C’est précisément cet homme qui deviendra pour Magellan le membre le plus important de son expédition. Car qu’est-ce qu’une action qui n’est pas racontée ? Un exploit n’entre pas dans l’histoire du seul fait qu’il a été accompli, mais seulement parce qu’il a été transmis à la postérité. Ce que nous appelons l’histoire n’est nullement la somme des événements qui se sont déroulés dans le temps et dans l’espace, mais seulement la petite partie d’entre eux qui est passée dans l’œuvre des poètes et des savants. Que serait Achille sans Homère ? Sans l’historien qui les raconte ou l’artiste qui les recrée sur le plan de l’art les plus grandes figures resteraient à tout jamais ensevelies dans l’ombre et les prouesses les plus héroïques tomberaient irrévocablement dans la mer insondable de l’oubli. Nous ne saurions que très peu de choses sur Magellan et son expédition si nous n’avions que la
Décade de Pierre Martyr, la courte lettre de Maximilien Transilvanus et les quelques sèches indications et livres de loch des différents pilotes. Seul ce petit chevalier de Rhodes, cet inutile en apparence, a fait connaître à la postérité l’exploit de Magellan.
Assurément ce brave Pigafetta n’est pas un Tacite ou un Tite-Live.

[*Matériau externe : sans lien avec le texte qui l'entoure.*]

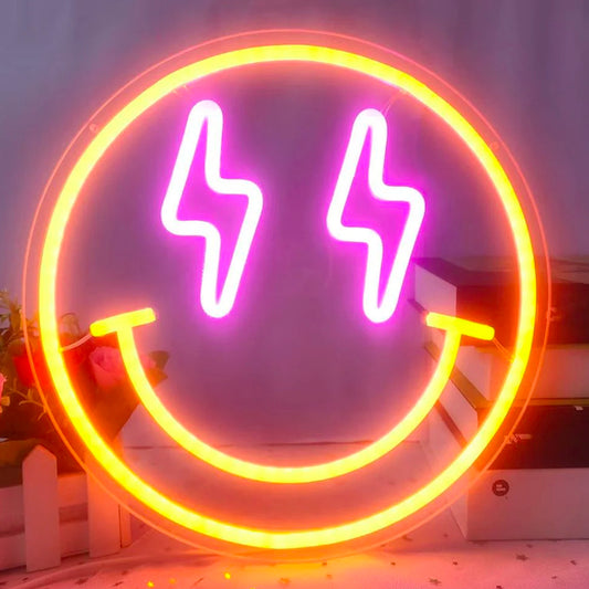 Light up your home with smiley neon signs that will inspire your mood and keep you happy all day long. Smiley neon signs are perfect for adding a fun vibe to your room, office or play set! These make great gifts for everyone, any occasion and anywhere!
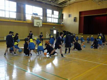 一緒に歌を歌ったり、小学校生活の劇やクイズをしたり、1年生の体育で学習する「しっぽとり鬼ごっこ」や「的当てボールゲーム」をしたりして楽しみました。
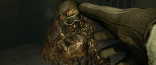With the woman in tow, they head back to their comrades who are currently engaged in a heated fight with the first encountered hatched Napads. Following the guidance of the woman, believing her to be City Hall staff, she leads the team into a cell with built-in lock gates, separating Chris and Piers from Finn and the rest of the team. From the other side, the woman tosses a needle bomb with the C-Virus into the area with Finn and the others. Chris and Piers are left helpless as they watch their teammates turn into Napads. As Finn melts and bursts into flames, he desperately reaches for Chris’ hand coming through the bars of the gate, succumbing to the virus moments later. Chris is devastated and too distracted when he sees Finn turn that when the gates do open the mutated Finn beats Chris, throwing him hard against the wall and ground. Piers does everything in his power to protect Chris, immediately opening fire on Finn. Miraculously, Piers is able to grip Chris by the collar of his uniform with one hand and pull Chris back, all while firing his rifle in the other, presumably killing Finn himself.
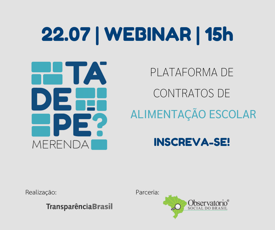 Nesta quarta-feira (22/07), às 15 horas, a Transparência Brasil realiza o webinar de lançamento da plataforma Tá de Pé Merenda. A ferramenta reúne informações de licitações e contratos de alimentação escolar por município, possibilitando seu acompanhamento e monitoramento pelos atores engajados no controle social de políticas públicas.
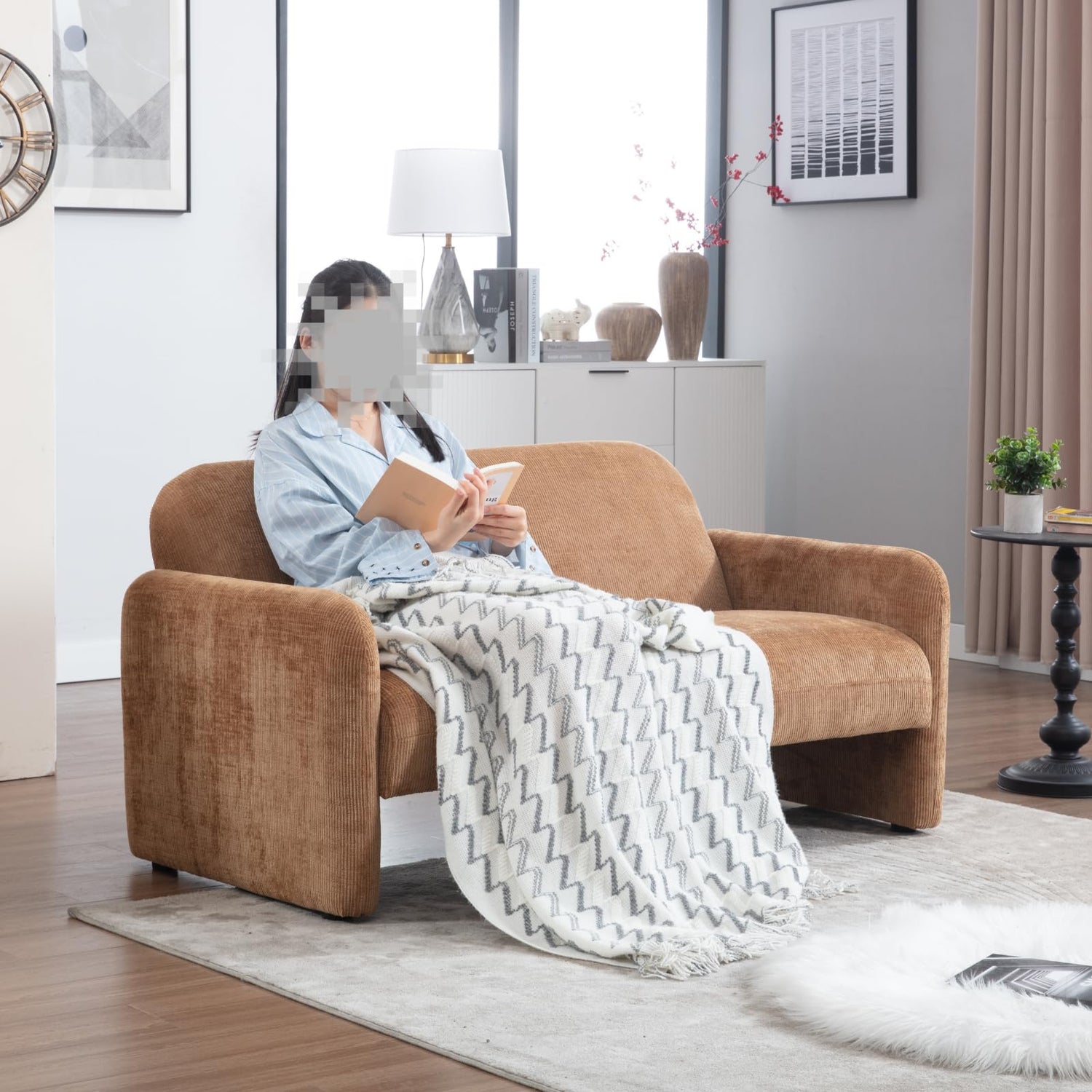 DUOMAY Cute Chenille Loveseat Sofa, Modern 55" Wide Seat Couch Minimalist Style Comfy Deep Seat Sofa for 2-3 Seater for Living Room Apartment, Brown
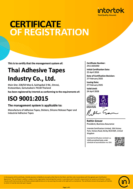 Thai Tape products are quality-checked through internationally certified laboratories.
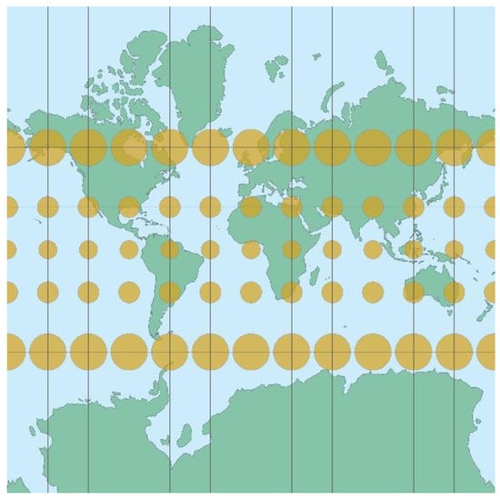 However, map users should also be aware of some important drawbacks of the projection method that could lead to the misinterpretation of maps [23,24]. One example is the lack of area preservation, which means that the area of countries situated toward the poles is represented proportionally larger than those near the equator. This can be visualized by a Tissot indicatrix (see Figure 1). This characteristic can easily be misused in thematic maps representing quantitative data [25]. Cartographers and geographers recognize this conceivable misuse [22,24,26]. However, many users outside the cartographic community are unaware of the specifications and issues inherently related to the type of projection used, and, even if they are familiar with the distortions, Battersby [27] discovered that the average individual is unable to compensate for it accurately. Since the Web Mercator projection is implemented in many web applications that rapidly disseminate information around the world, the consequences of such cartographic inaccuracies and related potential misinterpretations are myriad.
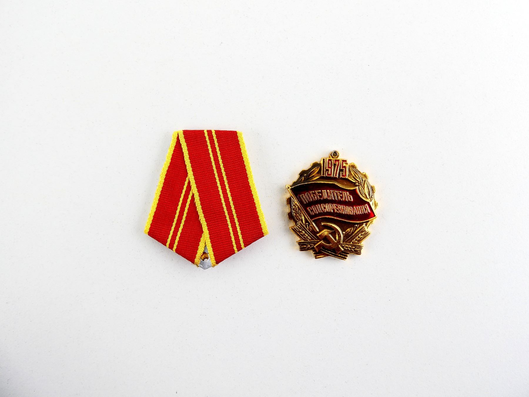 LOT INCLUDES: (1) RIBBON FOR MEDAL OF LENIN 100 YEARS (RIBBON ONLY) & (1) 1975 WINNER OF THE SOCIALIST COMPETITION AWARD, NO RIBBON, MAKER'S MARK ON BACK. SEE PHOTOS.
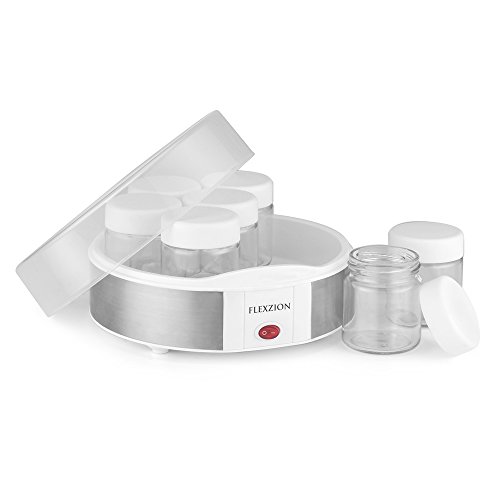 Flexzion Maker Machine with 7 Yogurt Containers Glass Jars - Automatic Electric Easy Yogurt Maker Machine
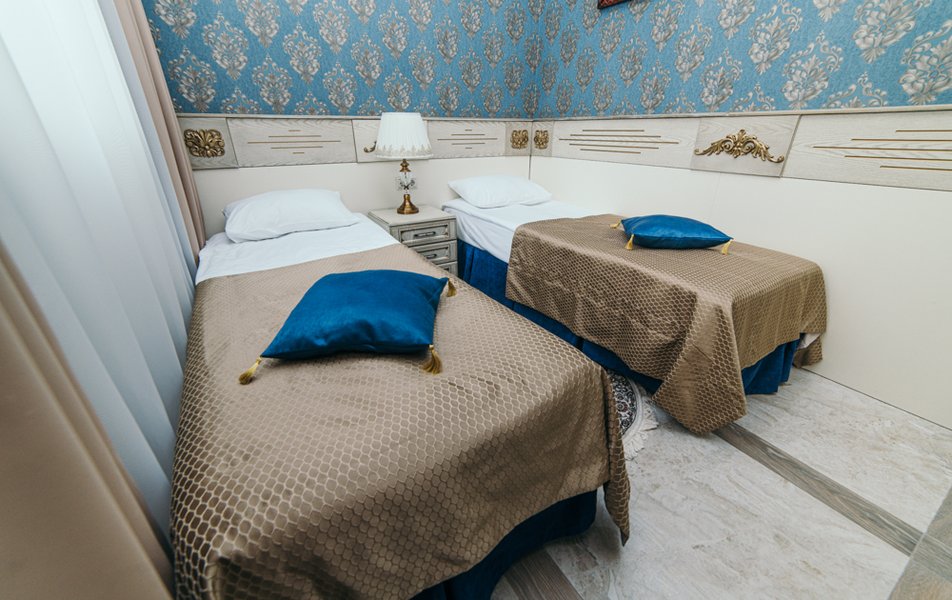 Двухэтажный корпус отеля, выстроенный в мавританском стиле, разместился на пересечении курортного проспекта с улицей Вокзальной. Гостей ожидают номера первой категории, Стандарт и Джуниор. В номерах классический интерьер, в котором используются роскошные синие, пастельные и золотые оттенки. В каждом есть собственный санузел с ванной или душем, набор косметических принадлежностей для гостей, качественная удобная мебель и необходимая бытовая техника — телевизор, фен, электрочайник, в некоторые комнатах установлен кондиционер.
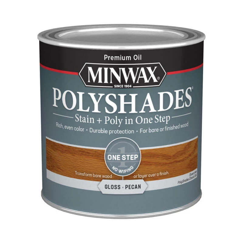 Minwax Polyshades combines stain and polyurethane in one simple step. Each coat provides rich color and lasting protection while enhancing the wood grain. This product will reduce finishing time compared with staining with one product and protecting with another. Polyshades stain and polyurethane also allows you to easily change the color of your currently stained or varnished wood without stripping. Over old varnish you can change the color without removing the old finish or hiding the grain.
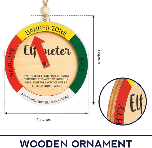 Funny Christmas Ornaments 2025, Unique Elf Meter Ornament with Naughty or Nice Arrow, Funny Gifts for Friends Coworker Family, Elf Meter Decoration for Tree, Holiday Funny Decor
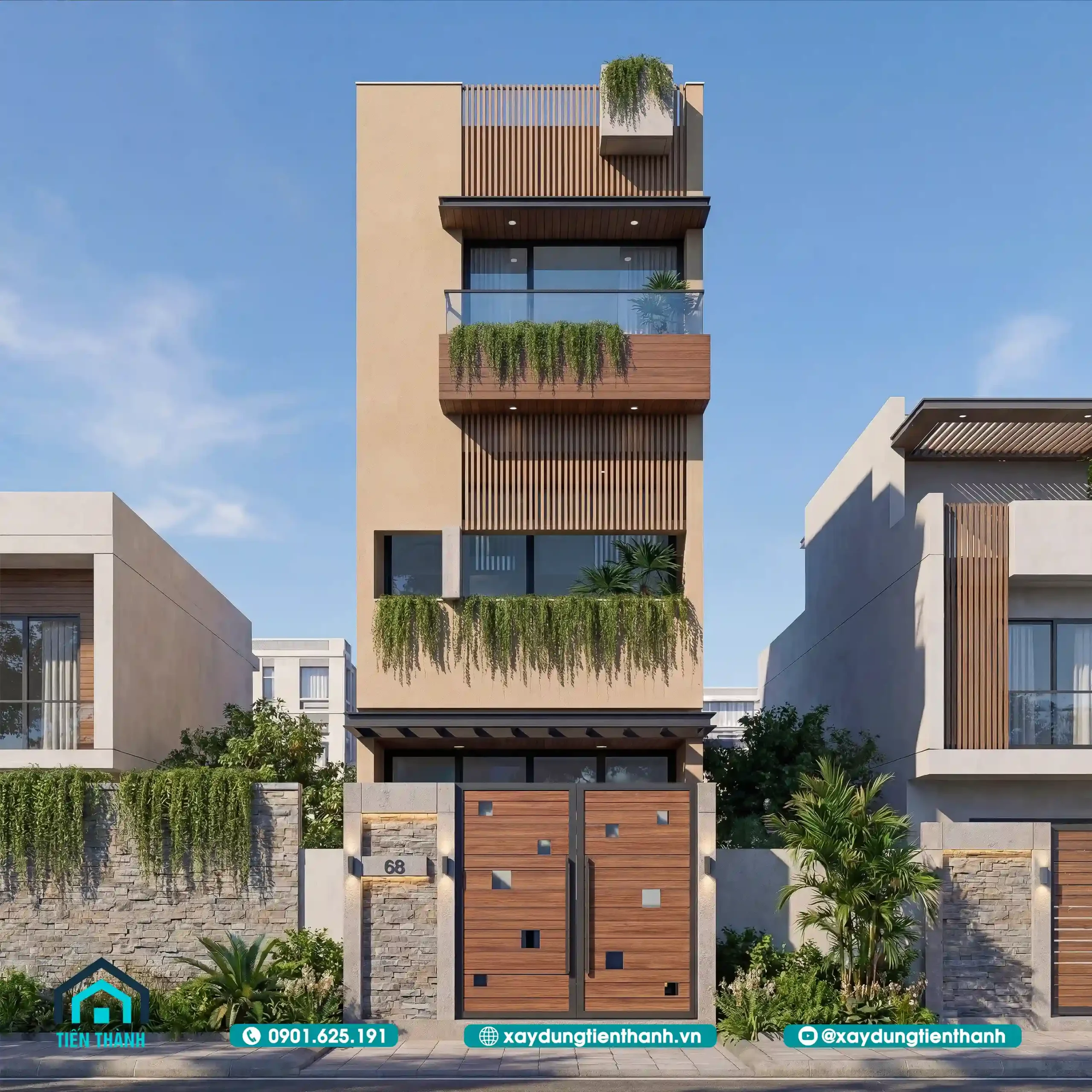 Phối cảnh trực diện mặt tiền nhà ống 3 tầng hiện đại với hệ lam gỗ sang trọng.
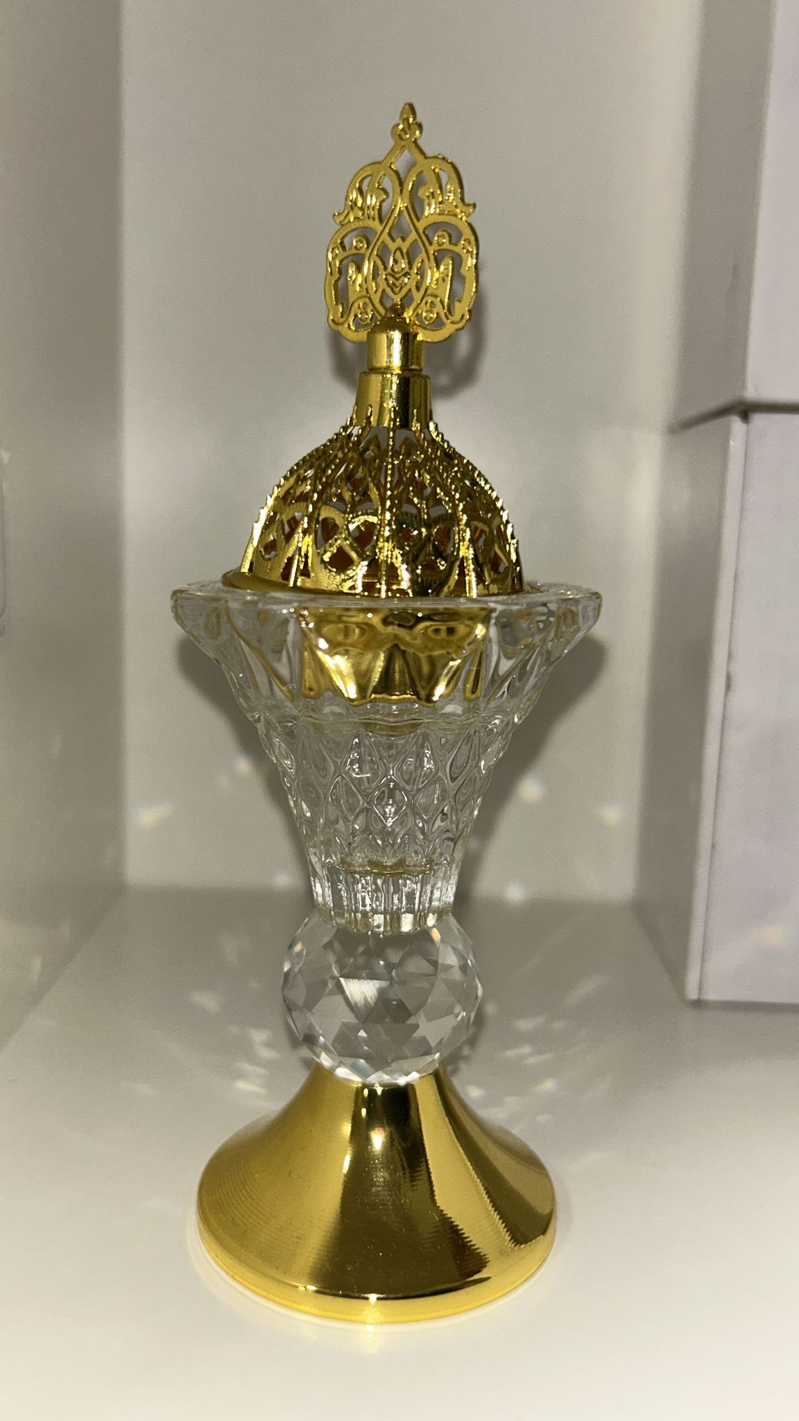 Quemador de cristal para incienso Oud se utiliza con carboncillo.
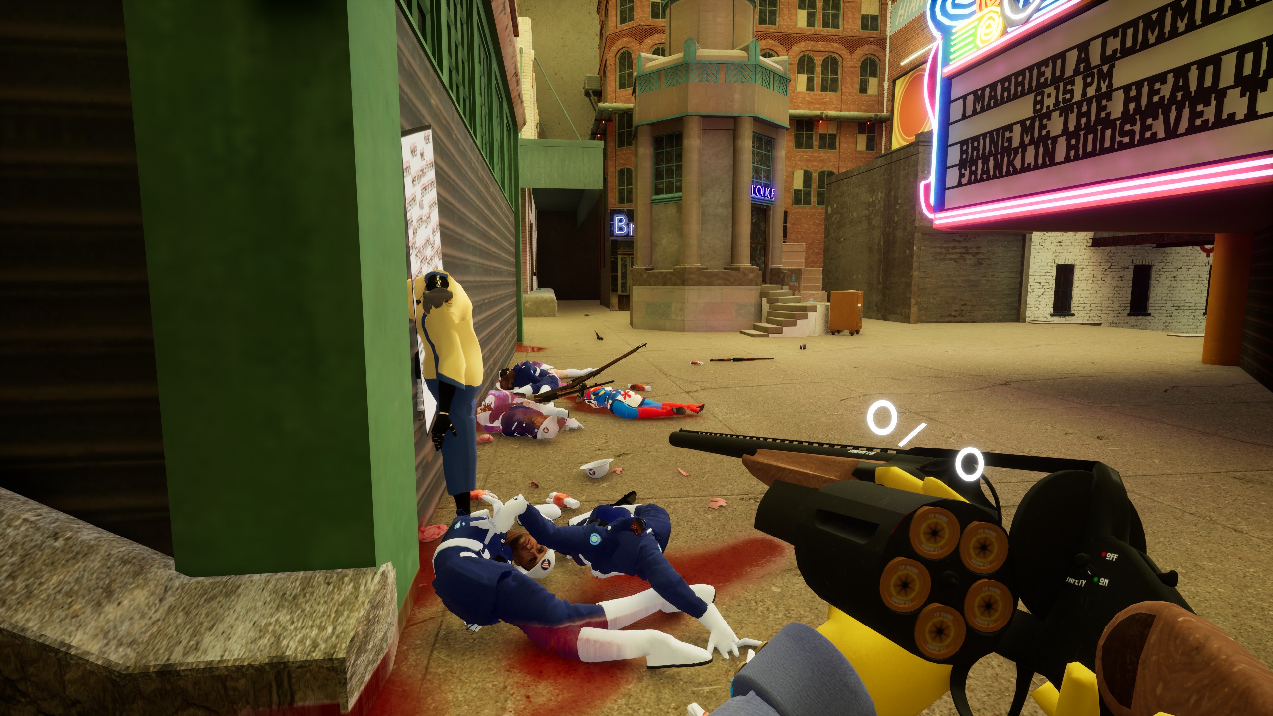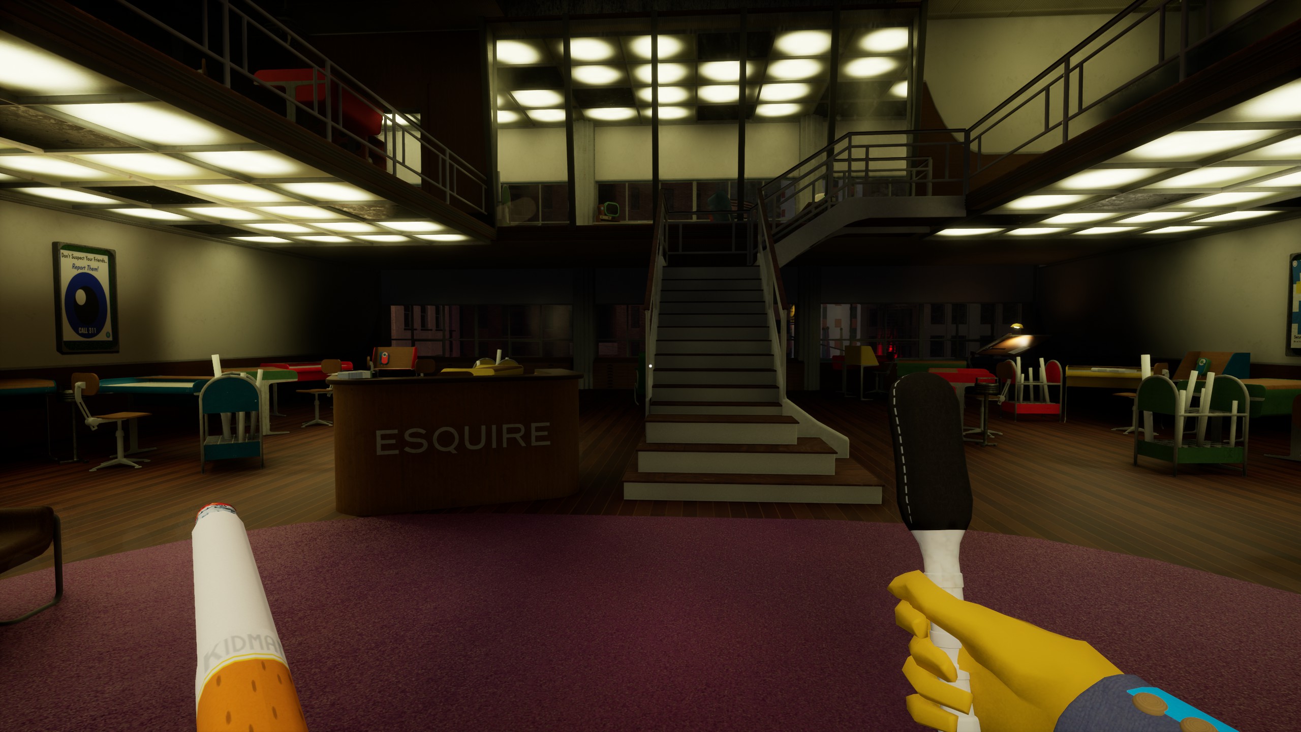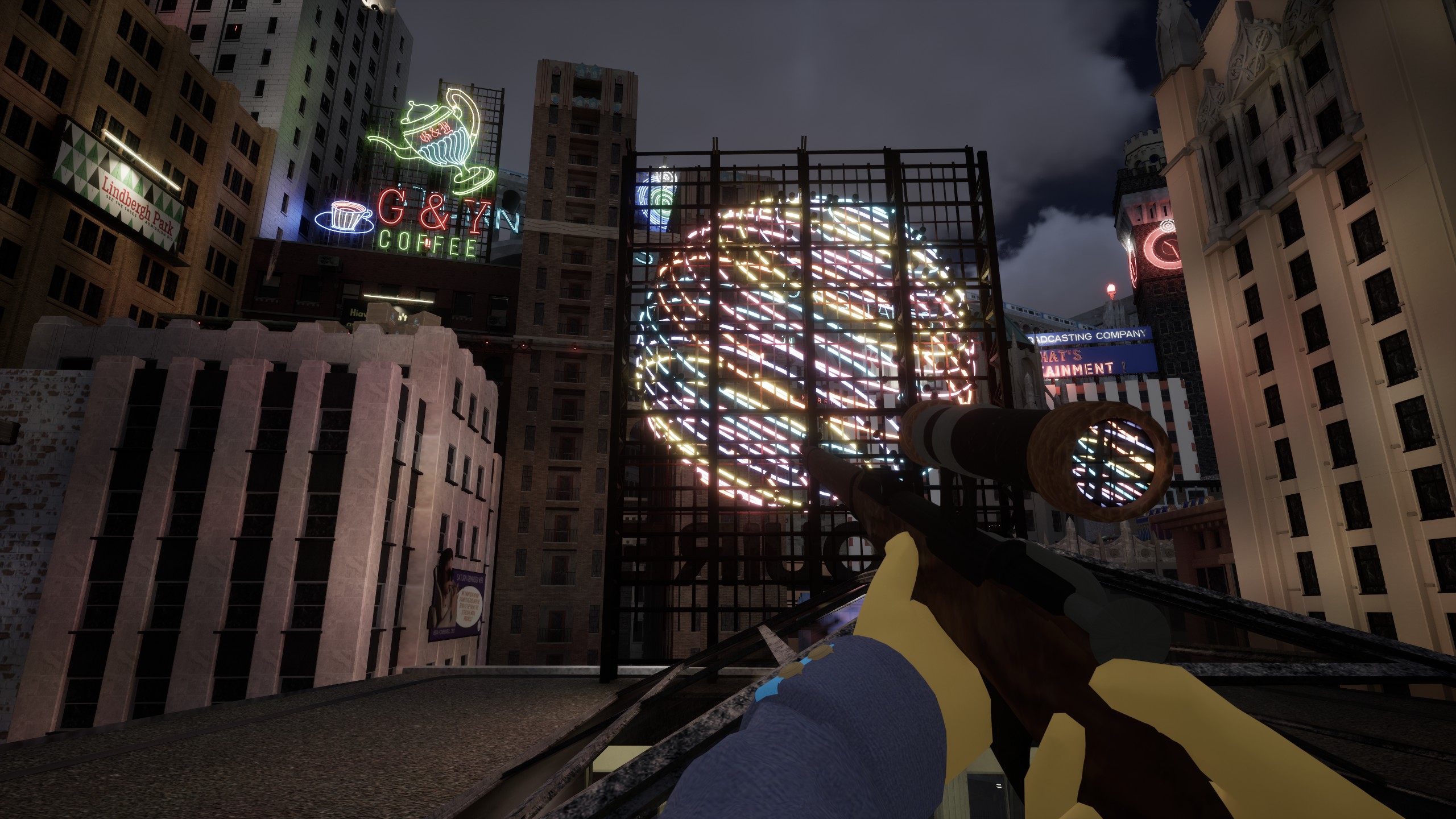 Le level design pousse régulièrement à chercher des chemins inattendus, et certaines idées de gameplay laissent déjà entrevoir un véritable potentiel émergent, malgré une IA ennemie encore (volontairement ?) très limitée. Mention spéciale au pistolet à fléchettes, capable de se planter dans les murs pour créer des prises d’escalade improvisées, ainsi qu’au gant de boxe monté sur ressort, qui propulse le joueur dans les airs à la manière d’un pogo stick et permet d’exploiter pleinement la verticalité des niveaux.

Dans l’art d’écrire tout comme dans l’aventure il n’est qu’un très sympathique dilettante. La connaissance des hommes n’est pas son fort, et c’est ainsi qu’il semble avoir complètement ignoré les conflits qui ont éclaté entre Magellan et ses capitaines. Mais précisément parce qu’il se soucie peu de l’ensemble, il observe avec la plus grande attention les détails et les mentionne avec la précision allègre d’un écolier racontant une excursion dominicale. Son témoignage n’est pas toujours très sûr, et plus d’une fois il avale les bourdes les plus énormes que lui racontent les vieux pilotes, qui reconnaissent tout de suite en lui le novice. Mais ces faiblesses Pigafetta les rachète amplement par le soin avec lequel il décrit les moindres faits, allant jusqu’à interroger les Patagons à la façon de la méthode Berlitz, ce qui lui a valu, sans qu’il s’en doutât, la gloire d’avoir ébauché le premier dictionnaire de vocables américains. Mais un honneur encore plus grand devait lui échoir : car c’est bien Shakespeare qui a utilisé pour sa
Tempête une scène de voyages de Pigafetta. Que peut-il arriver de plus beau à un écrivain médiocre que de voir un génie utiliser pour son œuvre immortelle quelque chose de lui, l’emportant ainsi, dans son vol d’aigle, vers les sphères éternelles ? […]
Maintenant qu’il s’est acquitté du dernier devoir qu’il lui restait à accomplir sur terre, l’heure du départ est venue pour Magellan. Sa femme, avec laquelle il a eu la première année heureuse de sa vie, est devant lui, tremblante. Elle tient dans ses bras le fils qu’elle lui a donné, les sanglots lui secouent le corps. Il l’embrasse une dernière fois, il donne une dernière poignée de main à Barbosa, dont il emmène avec lui le fils unique, puis, rapidement, pour ne pas se laisser attendrir par les larmes de sa femme, il monte dans le canot qui le conduira à San Lucar, où l’attend sa flotte. Une fois encore, après s’être confessé, Magellan communie avec tout l’équipage dans la petite église de San Lucar. À l’aube — ce mardi 20 septembre 1519 sera désormais une date historique — les bateaux lèvent l’ancre, les voiles flottent au vent, les canons tonnent, saluant la terre qui peu à peu disparaît dans le lointain : le plus long voyage de découvertes, l’aventure la plus hardie de l’histoire a commencé.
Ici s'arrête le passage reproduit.